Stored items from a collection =
━━━━━━━━━━━━━━━━
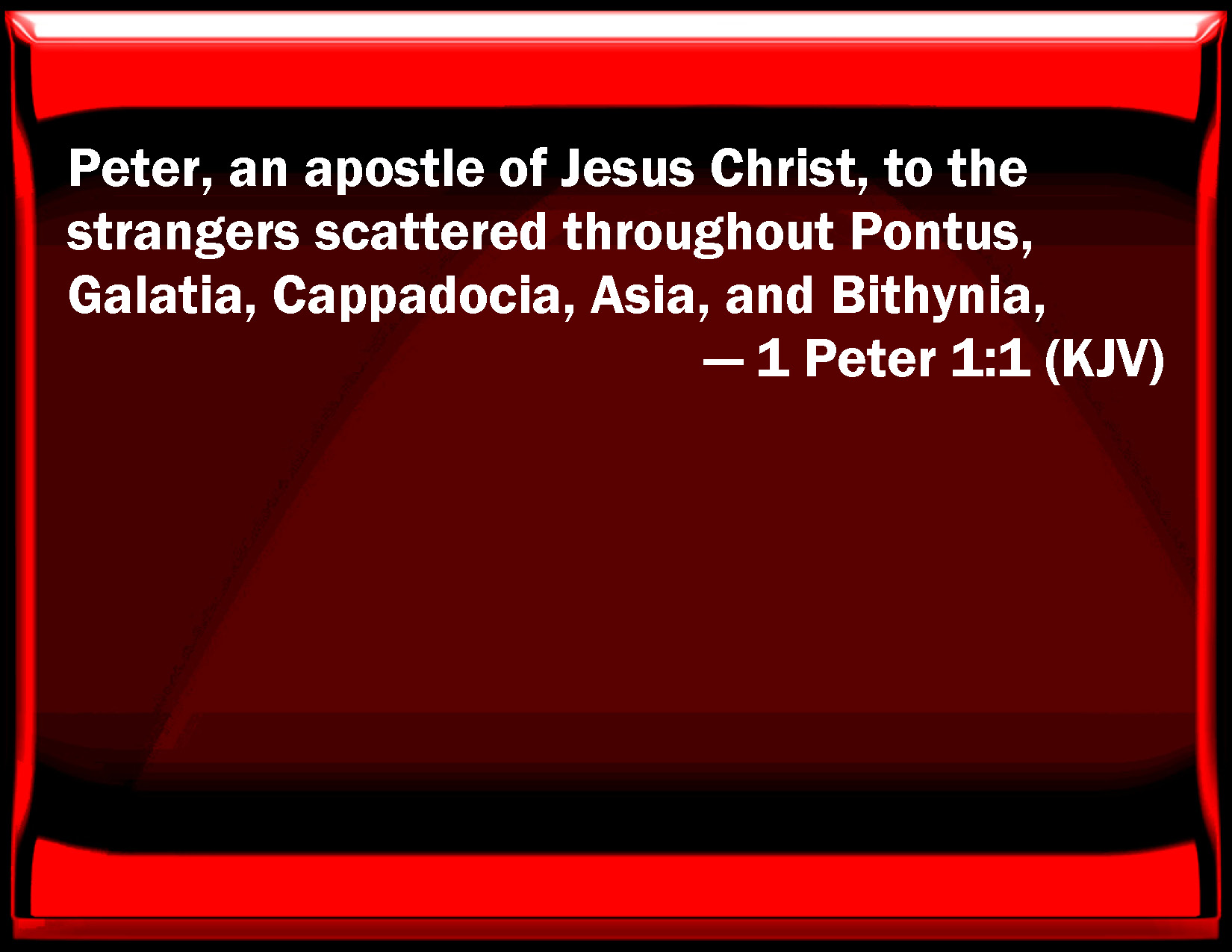 Bible Verse Slide 1 Peter 1:1 Peter, an apostle of Jesus Christ, to the strangers scattered throughout Pontus, Galatia, Cappadocia, Asia, and Bithynia, KJV: Peter, an apostle of Jesus Christ, to the strangers scattered throughout Pontus, Galatia, Cappadocia, Asia, and Bithynia, DRB: Peter, an apostle of Jesus Christ, to the strangers dispersed through Pontus, Galatia, Cappadocia, Asia, and Bithynia, elect, DBT: Peter, apostle of Jesus Christ, to the sojourners of the dispersion of Pontus, Galatia, Cappadocia, Asia, and Bithynia, ERV: Peter, an apostle of Jesus Christ, to the elect who are sojourners of the Dispersion in Pontus, Galatia, Cappadocia, Asia, and Bithynia, WBT: Peter, an apostle of Jesus Christ, to the strangers scattered throughout Pontus, Galatia, Cappadocia, Asia, and Bithynia, WEB: Peter, an apostle of Jesus Christ, to the chosen ones who are living as foreigners in the Dispersion in Pontus, Galatia, Cappadocia, Asia, and Bithynia, YLT: Peter, an apostle of Jesus Christ, to the choice sojourners of the dispersion of Pontus, Galatia, Cappadocia, Asia, and Bithynia,Links 1 Peter 1:1 NIV • 1 Peter 1:1 NLT • 1 Peter 1:1 ESV • 1 Peter 1:1 NASB • 1 Peter 1:1 KJV • 1 Peter 1:1 Interlinear • 1 Peter 1:1 Commentaries • 1 Peter 1:1 Parallel Texts • 1 Peter 1:1 Bible Apps • 1 Peter 1:1 Parallel • Bible Hub |
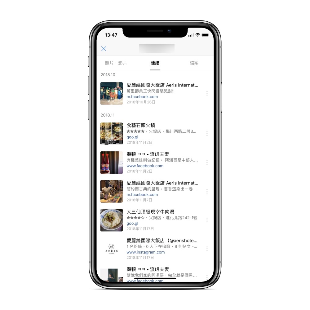 在共享內容裡切分為三個類型,分別是照片/影片、連結、檔案,在這裡我們可以直接查看所有該類別的內容,就不用慢慢的往上滑,而且還以月份區分,不過 LINE 還是一橏,太久的檔案是會失效,大家還是別把可能會重複查看的內容丟在這裡,最好還是用 Dropbox 或是 Google 雲端硬碟這類的服務會比較好。
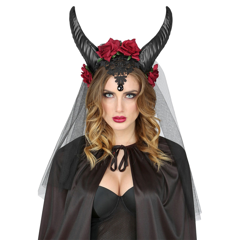 Horn och Slöja Diadem omfattar ett svart diadem med svarta horn, svart slöja och röda rosor samt dekorativt borderystycke framtill. Diademet är tillverkat av plast och polyester och passar vuxna.
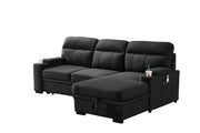 Kaden - Sleeper Sectional Sofa Chaise With Storage Arms And Cupholder - Black
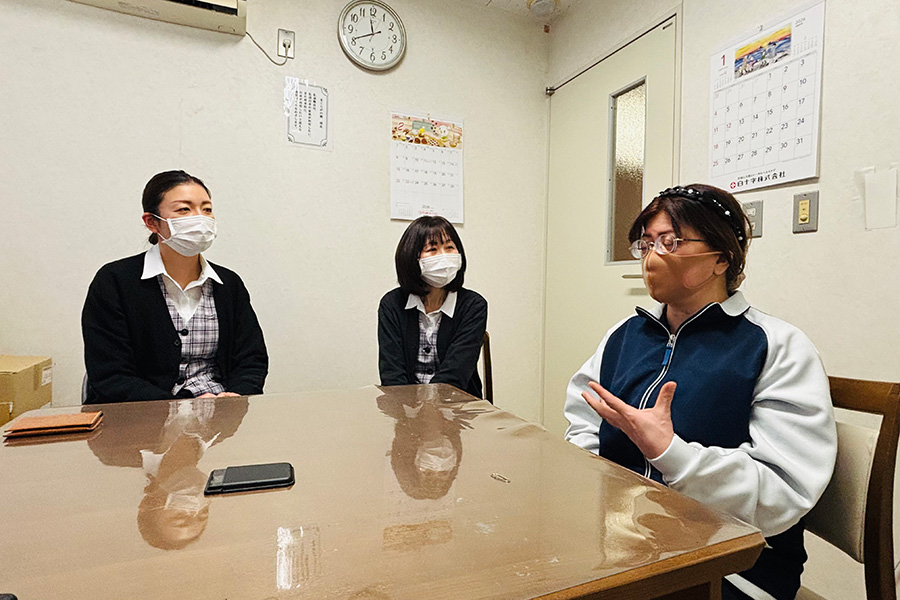 日常のコミュニケーションについて、担当者は「全く通じませんっていう感じではないので、こちらも助かってるんですけど」と話しています。電話対応も含め、日本語での基本的な意思疎通は可能な状態です。現場では日本人職員と外国人材が教え合いながら業務を進めており、オンライン学習の際にはスタッフが補足説明を行っています。
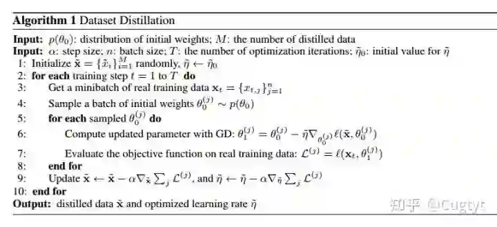 标准的训练通常是在小批量上做随机梯度下降。每一步t,一个批量数据xt={xt,j}nj=1 用于更新当前参数:此处通常要万甚至百万步来收敛。我们希望能学到一个合成的蒸馏数据x~={x~i}Mi=1 ,这里M≪N,因此一个GD步骤为:
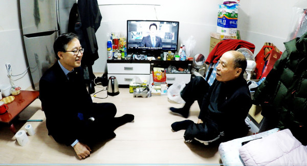 유성훈 서울 금천구청장이 오는 25일까지 직접 ▲홀몸노인 ▲1인 청·장년가구 ▲한부모가정 등의 소외계층을 찾아가는 현장 소통행정을 펼친다. 사진은 유 구청장(왼쪽)이 22일 홀몸노인을 위문해 고충 상담을 하는 모습. (사진제공=금천구청)
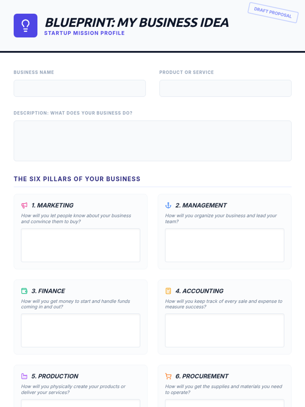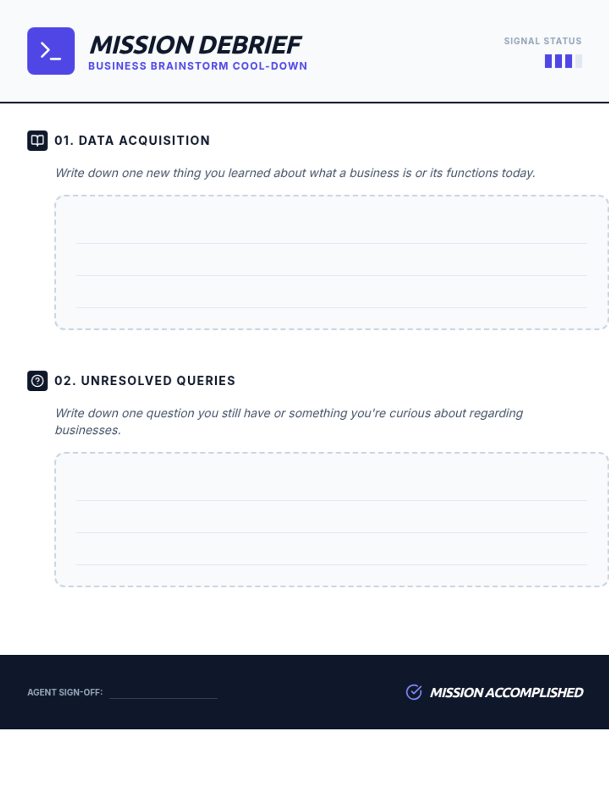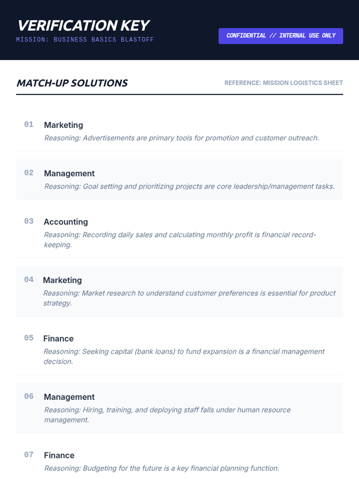 An introductory business lesson for 8th graders covering the definition of a business and its six core functions: Marketing, Management, Finance, Accounting, Production, and Procurement. Students engage through a themed presentation, a matching activity, and a creative brainstorming session.
━━━━━━━━━━━━━━━━
Assignment = What you write must match, line for line, the records from the line containing "或是 Google 雲端硬碟這類的服務會比較好。" through the last line, with every picture left out.

Exercise response =
 在共享內容裡切分為三個類型,分別是照片/影片、連結、檔案,在這裡我們可以直接查看所有該類別的內容,就不用慢慢的往上滑,而且還以月份區分,不過 LINE 還是一橏,太久的檔案是會失效,大家還是別把可能會重複查看的內容丟在這裡,最好還是用 Dropbox 或是 Google 雲端硬碟這類的服務會比較好。
 Horn och Slöja Diadem omfattar ett svart diadem med svarta horn, svart slöja och röda rosor samt dekorativt borderystycke framtill. Diademet är tillverkat av plast och polyester och passar vuxna.
 Kaden - Sleeper Sectional Sofa Chaise With Storage Arms And Cupholder - Black
 日常のコミュニケーションについて、担当者は「全く通じませんっていう感じではないので、こちらも助かってるんですけど」と話しています。電話対応も含め、日本語での基本的な意思疎通は可能な状態です。現場では日本人職員と外国人材が教え合いながら業務を進めており、オンライン学習の際にはスタッフが補足説明を行っています。
 标准的训练通常是在小批量上做随机梯度下降。每一步t,一个批量数据xt={xt,j}nj=1 用于更新当前参数:此处通常要万甚至百万步来收敛。我们希望能学到一个合成的蒸馏数据x~={x~i}Mi=1 ,这里M≪N,因此一个GD步骤为:
 유성훈 서울 금천구청장이 오는 25일까지 직접 ▲홀몸노인 ▲1인 청·장년가구 ▲한부모가정 등의 소외계층을 찾아가는 현장 소통행정을 펼친다. 사진은 유 구청장(왼쪽)이 22일 홀몸노인을 위문해 고충 상담을 하는 모습. (사진제공=금천구청)
 An introductory business lesson for 8th graders covering the definition of a business and its six core functions: Marketing, Management, Finance, Accounting, Production, and Procurement. Students engage through a themed presentation, a matching activity, and a creative brainstorming session.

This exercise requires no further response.